Receiver operating characteristic using three-gene model, (HMGA2, MRC2, and SFN) analysis for the detection of malignant nodules resulted in areas under the curve (AUCs) of≥0.95 (80% sensitivity; 100% specificity) and≥0.84 (71% sensitivity; 84% specificity) for the IHC data in tumors, and QRT-PCR data in FNA samples, respectively.

CONCLUSIONS

Our results suggest that a three-gene model for the cytological diagnosis of indeterminate thyroid nodules is both feasible and promising.
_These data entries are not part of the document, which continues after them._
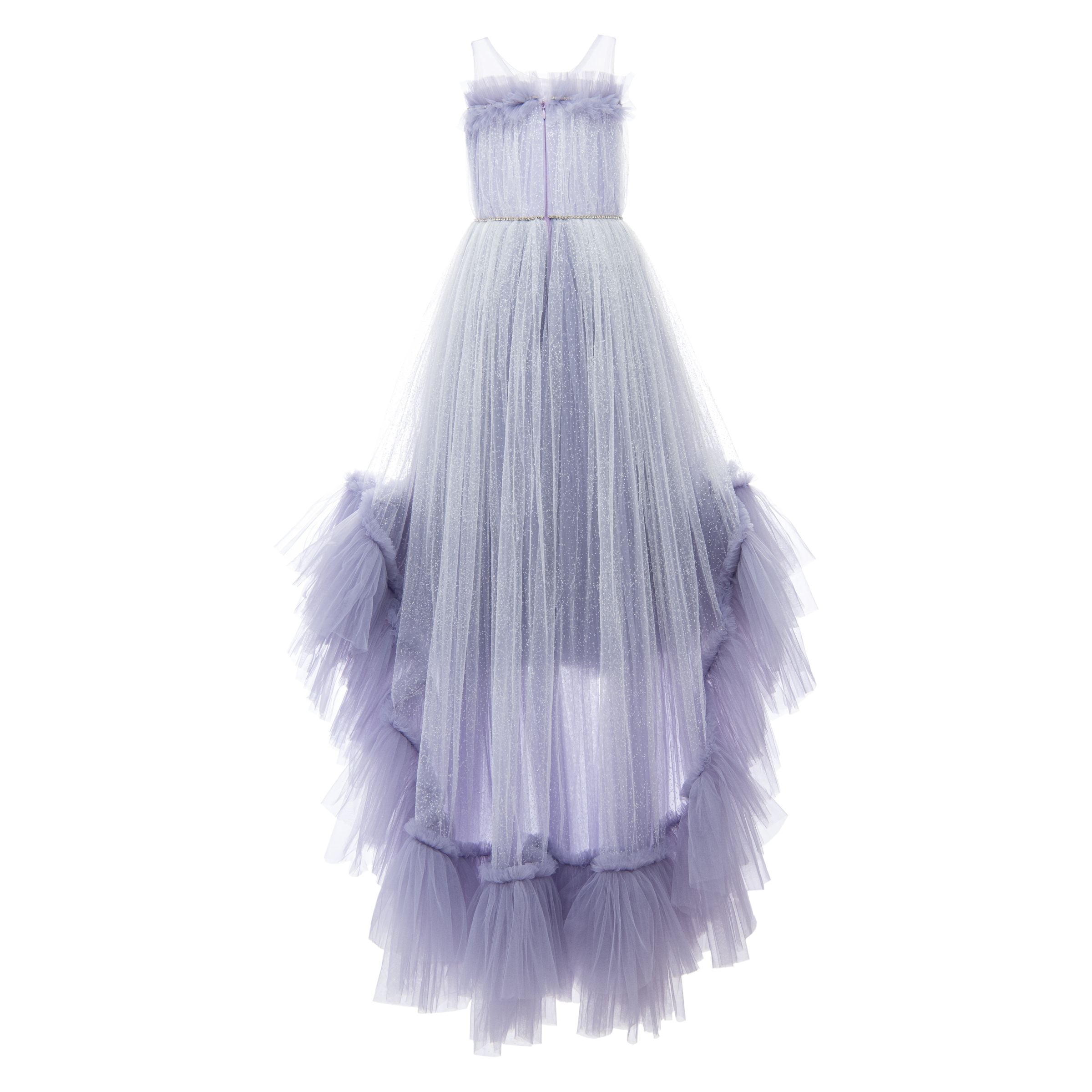 The purple tulle skirt is designed to be lightweight and flowy, with layers that are short in the front and long in the back, creating a graceful and eye-catching silhouette. Made from 100% polyester, this gown ensures both durability and comfort. The zip closure at the back allows for easy dressing and a secure fit.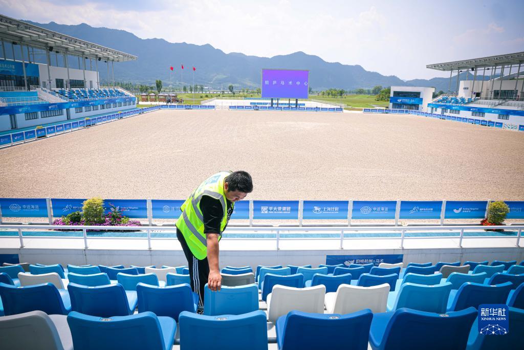 6月9日,汪祥在桐廬馬術中心巡查看臺區域時檢查座椅。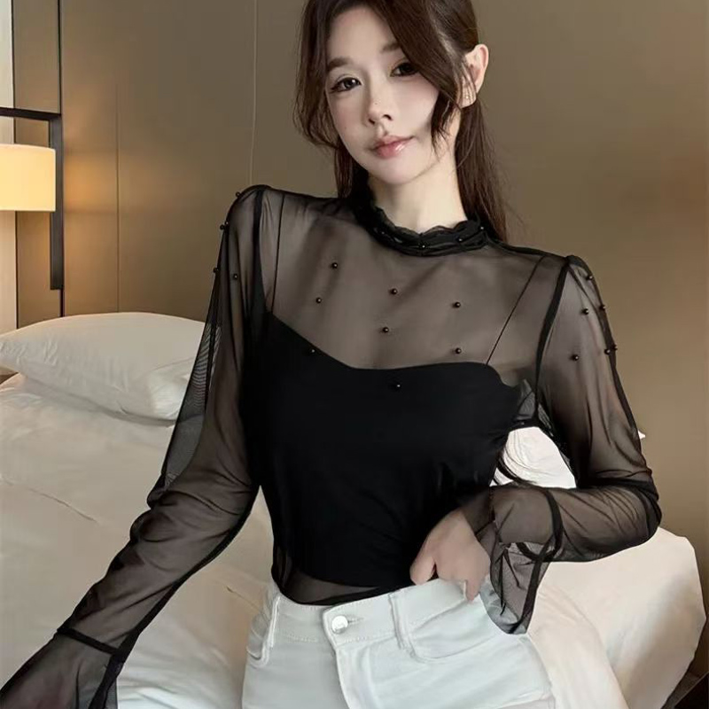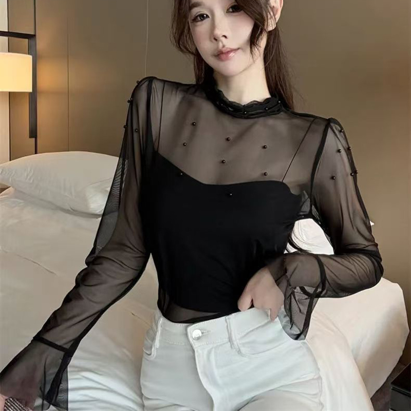 YF6175-(2色入内)秋冬纯欲风钉珠长袖高领弹力假两件轻奢网纱打底衫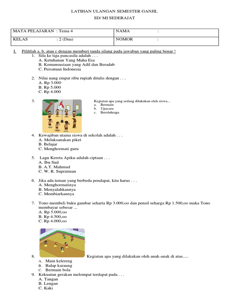 Soal Uas Tematik Kelas 2 Tema 4 Semester 1

Implementation of this as an adjunct to thyroid cytology may significantly impact the clinical management of patients with suspicious or indeterminate thyroid FNA nodules.

摘要

背景

甲状腺结节的术前诊断主要依赖于细针穿刺(FNA)细胞学检查。然而,多达 25%的 FNA 样本存在“可疑或不确定”但没有诊断性细胞学报告,这导致难以为这些患者确定适当的临床管理方案。我们假设,将分子标志物作为 FNA 细胞学检查的辅助手段,可以提高对具有可疑或不确定细胞学的良性和恶性结节的区分能力。

方法

我们之前使用微阵列分析鉴定并报告了 75 个有助于区分良性与恶性甲状腺结节的基因。在本研究中,我们通过对 154 个甲状腺肿瘤进行免疫组织化学(IHC)分析和对 95 个 FNA 样本进行实时定量 RT-PCR(QRT-PCR)分析,进一步验证了其中 14 个标志物的表达情况。在通过 IHC 分析的 154 个肿瘤中,有 44 个样本(29%)的 FNA 细胞学检查结果为可疑或不确定。

结果

使用三基因模型(HMGA2、MRC2 和 SFN)进行恶性结节检测的接收者操作特征分析,在肿瘤的 IHC 数据和 FNA 样本的 QRT-PCR 数据中,曲线下面积(AUCs)分别≥0.95(80%的敏感性;100%的特异性)和≥0.84(71%的敏感性;84%的特异性)。

结论

我们的结果表明,用于不确定甲状腺结节细胞学诊断的三基因模型是可行且有前途的。将其作为甲状腺细胞学检查的辅助手段实施,可能会显著影响可疑或不确定甲状腺 FNA 结节患者的临床管理。